I personally think that this is too low-level an abstraction. You shouldn't be going to a lower level than handing over a model's binary data to the API layers, then leaving details of vertex formats, buffer setup, layouts, etc to the individual API layers instead. One key difference between the APIs here is that D3D decouples the vertex format specification from the data specification, whereas OpenGL does not (in 2.1; 4.3 resolves this) and this is going to cause you further problems as you work more on it. Other differences, such as OpenGL's bind-to-modify thing, are also going to cause you trouble if you ever need to update a dynamic buffer.

This is far from the only API difference that will cause you problems; one I can quite confidently predict you'll have trouble with will be OpenGL tying uniform values to the currently selected program object but D3D having them as global state. You'll also have trouble with lack of separate shader objects in OpenGL, with any render to texture setup (no FBOs in GL2.1) and with no equivalent to glActiveTexture in D3D (the texture stage to operate on is an additional param to the relevant API calls). Not to mention sampler states vs glTexParameter.

Direct3D has need of instancing, but we do not. We have plenty of glVertexAttrib calls.

To some degree, you can pick your "favorite API" and then make the others emulate it. Like mhagain warned, actually doing this may require going through some contortions, and even though your program works correctly, you may run into non-optimal performance, usually on the OpenGL side.

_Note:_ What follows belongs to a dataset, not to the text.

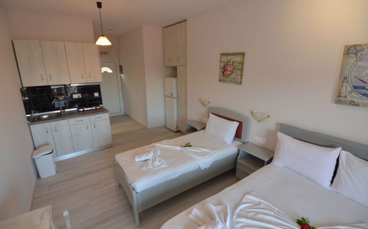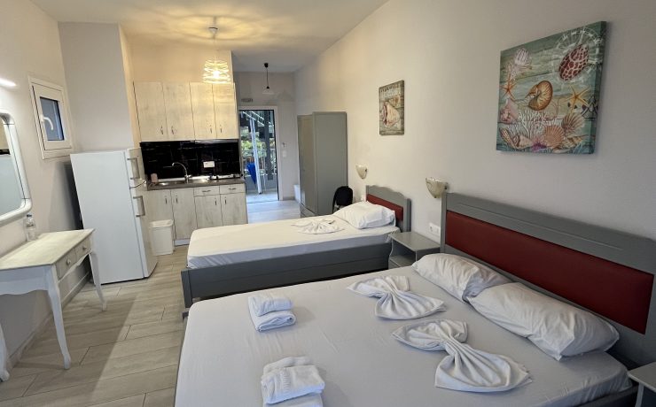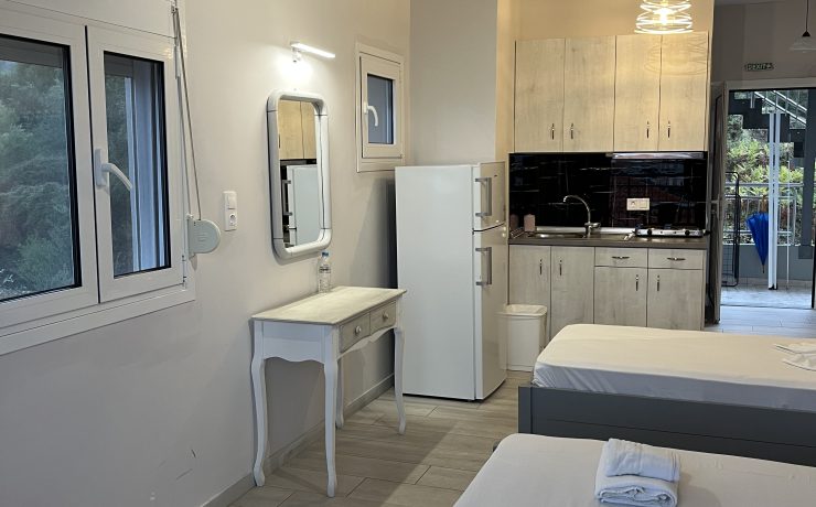 1/2, 1/3, 1/4 studio – smeštajna jedinica u vili u kojoj se u istom prostoru nalazi deo sa kuhinjskim elementima sa osnovnim priborom za jelo za odgovarajući broj osoba (prema broju ležajeva), kreveti, orman, kupatilo i terasa. 1/4 studio može da sadrži francuski ležaj (grčki standard) i krevet na sprat, 1/2 odnosno 1/3 studiji sadrže francuski ležaj i/ili singl ležaj (grčki standard).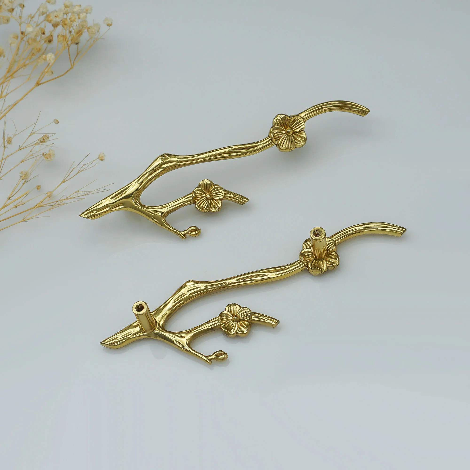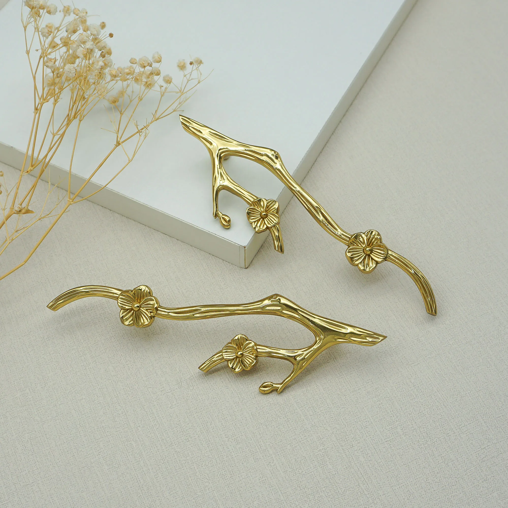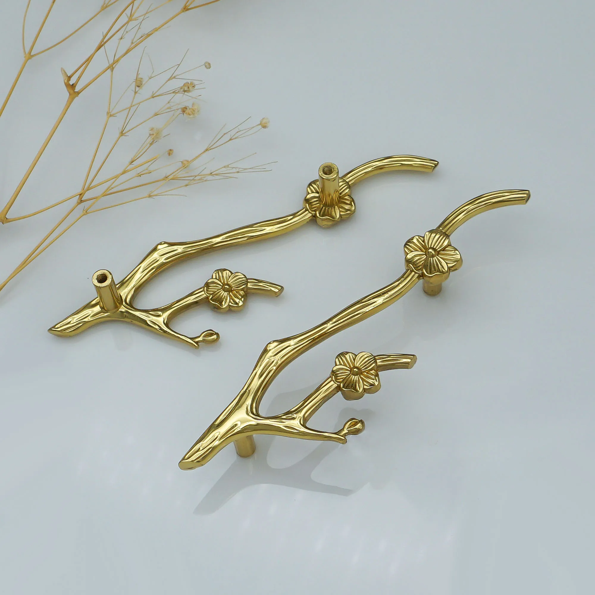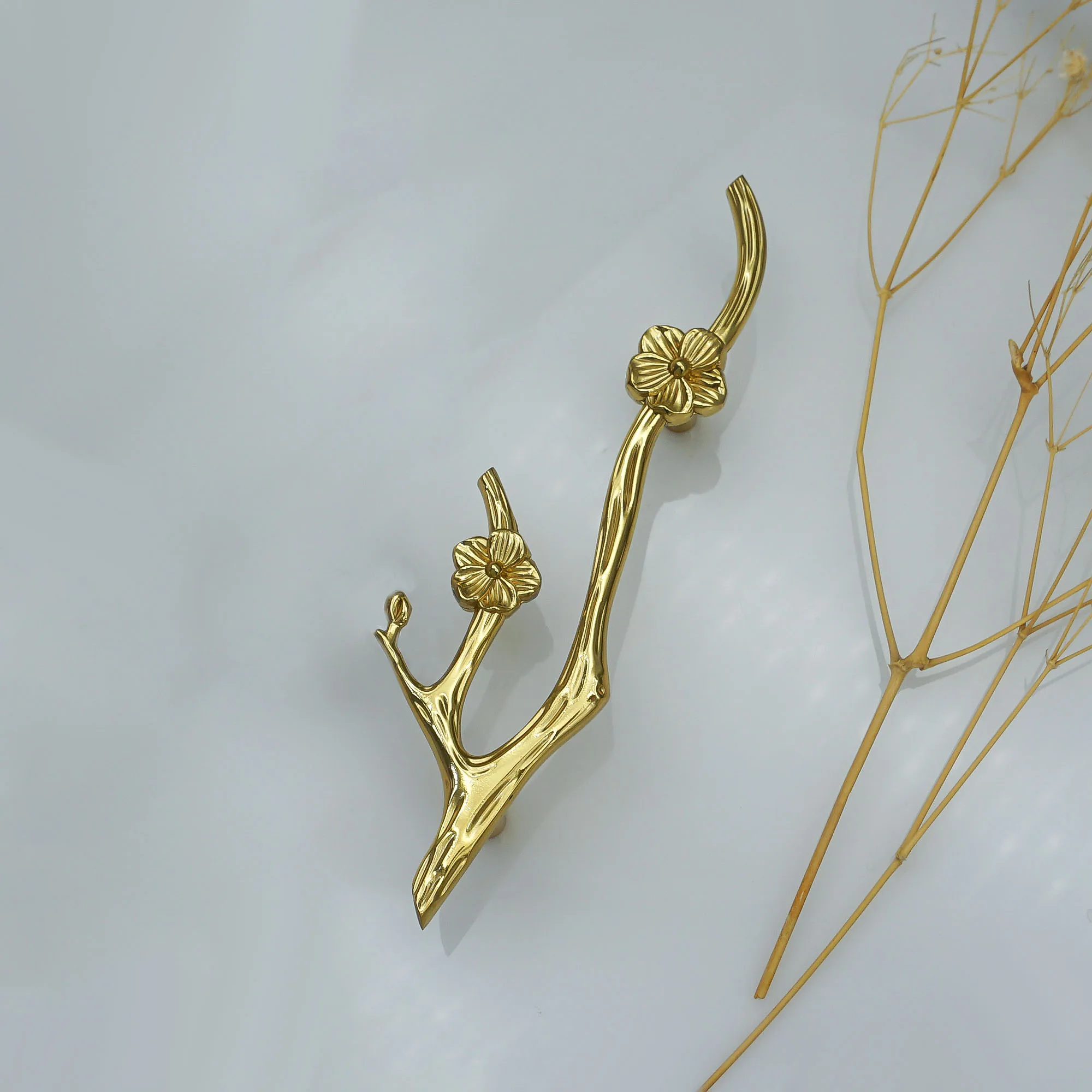 Creative Brass Flower Branch Cabinet Pulls Home Decor Wardrobe Handles Light Luxury Kitchen Accessories Furniture Hardware

For example I picked D3D as my favorite and wanted to emulate the simple SetRenderTarget / SetDepthStencil API with OpenGL FBO's. The initial and simple solution was to create a single FBO and attach different color buffers and depth buffers according to the currently set targets. This worked correctly, but exposed performance loss (to add insult to injury, it was Linux-only, Windows drivers were fine.) The solution to avoid the performance loss was to create several FBO's sorted by the resolution and format of the first color buffer, and what was only a few lines of code in D3D became hundreds in OpenGL :)

Additionally, to be able to utilize D3D11 effectively in the future you probably need to make your abstract API resemble D3D11 with its state objects, constant buffers etc. and emulate those in the other APIs.

I've been working on making my project able to use multiple APIs albiet for now just Direct X 9 and 11. My first attempt was to emulate DirectX 11 and make Direct X 9 fit to it. Later because I wanted it to be easier for others to use my coded, I decided on a more high level solution. I've found that both have their plusses and minuses.

Low Level (pick your favorite api and emulate it )
Good
* It's easier to build higher level functionality because everything has the same base
Bad
* As AgentC said, you can run into some non-optimal situations that could take some "hacks" to fix.

High Level
Good
* You can code things in the most optimal way for the API.
Bad
* Without adequate planning it could almost be like coding two engines. You must be sure you isolate similarities or you'll end up coding many things twice.

Those are the issues that I've noticed so far. I'm sure there are more.